Start of SOURCE MATERIAL

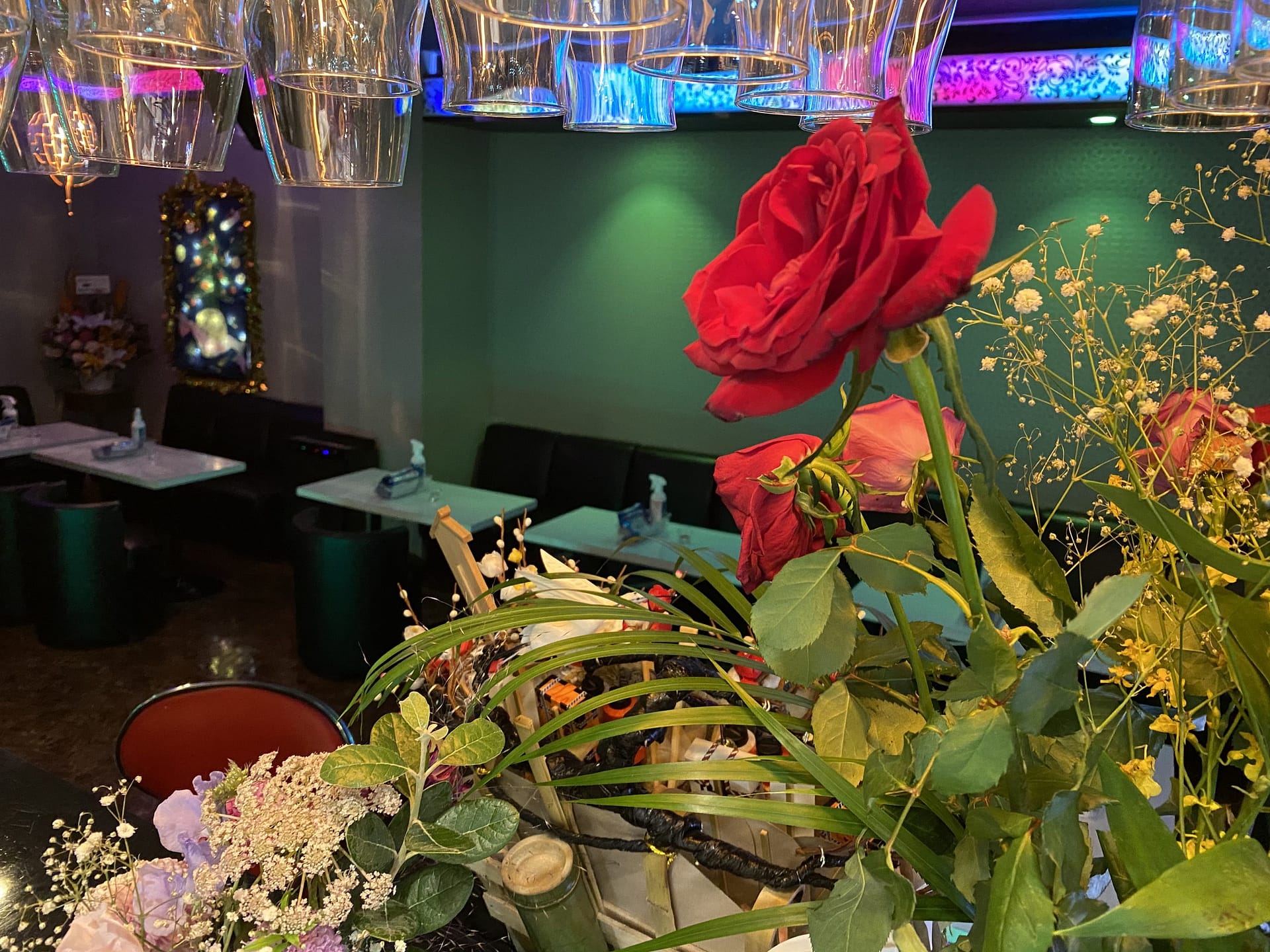 お客様の雰囲気によってですが、天井の照明を落とします。
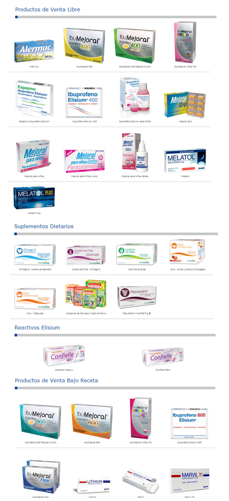 Elisium tiene cuatro áreas de negocios: productos de venta libre entre los que sobresalen Mejoral y Melatol. También productos de venta bajo receta, y reactivos. En esta última división sólo tiene al test de embarazo Confielle.
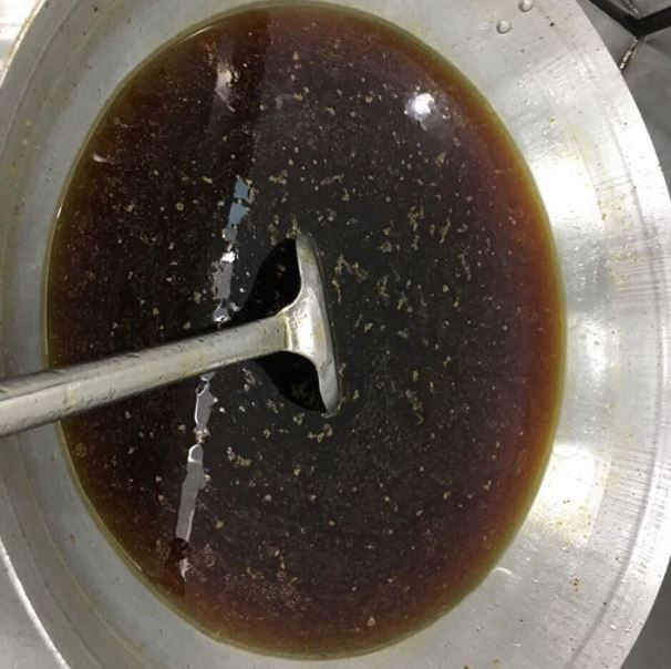 Đại diện ban phụ huynh cũng chụp ảnh một chảo dầu có màu đen, được cho là bếp dùng để nấu ăn cho học sinh, và số dầu này được dùng đi dùng lại nhiều lần, có nguy cơ ảnh hưởng đến sức khỏe của học sinh.
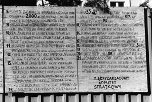 Fotografia przedstawia "Dekalog Pierwszych Wolnych Związków Zawodowych", gdzie w punkcie 21 mówi się o wszystkich sobotach wolnych od pracy-za to ginęli
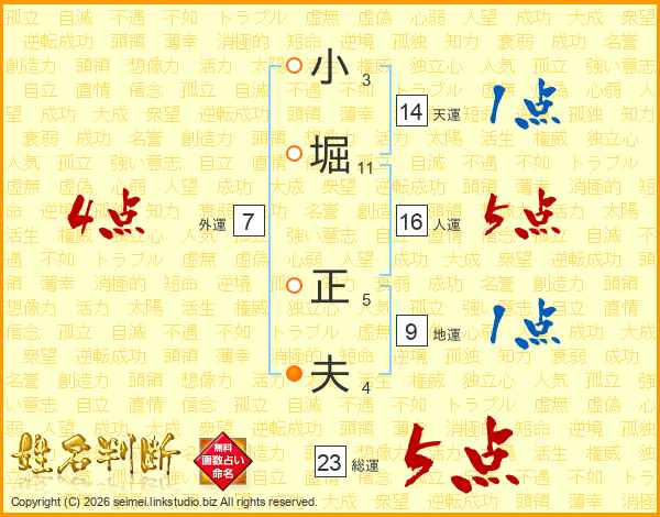 小堀正夫さんの総運は23画の5点!
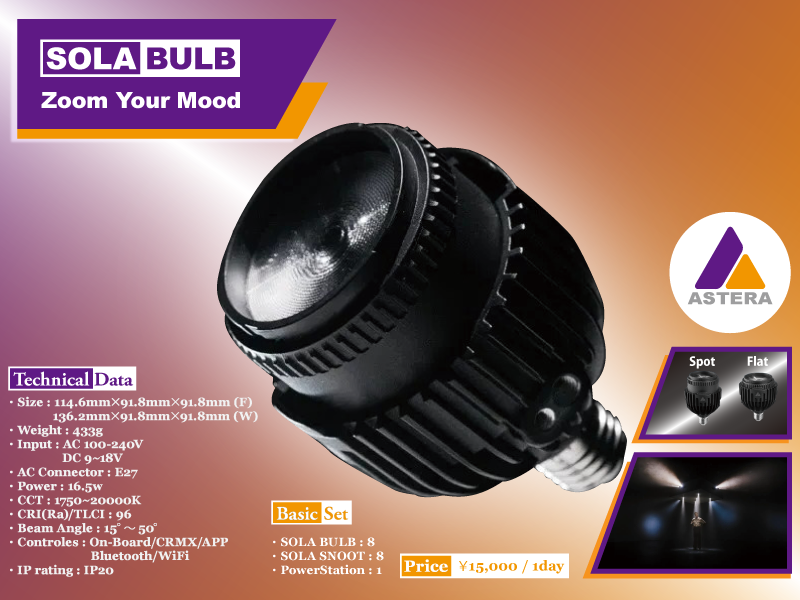 Lumenradio受信機内蔵、アプリコントロール可能。
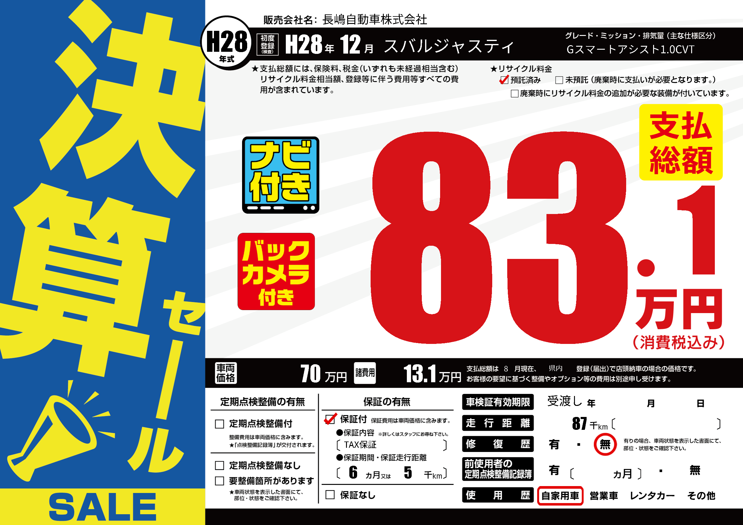 保証付き 保証内容(TAX保証) 6ヶ月または(5)千kmまで |

End of SOURCE MATERIAL

# [YOUR INSTRUCTIONS]
Starting at the first line of the records and stopping after the line with "Elisium tiene cuatro", copy each line exactly; pictures stay out.

# [ANSWER]
 お客様の雰囲気によってですが、天井の照明を落とします。
 Elisium tiene cuatro áreas de negocios: productos de venta libre entre los que sobresalen Mejoral y Melatol. También productos de venta bajo receta, y reactivos. En esta última división sólo tiene al test de embarazo Confielle.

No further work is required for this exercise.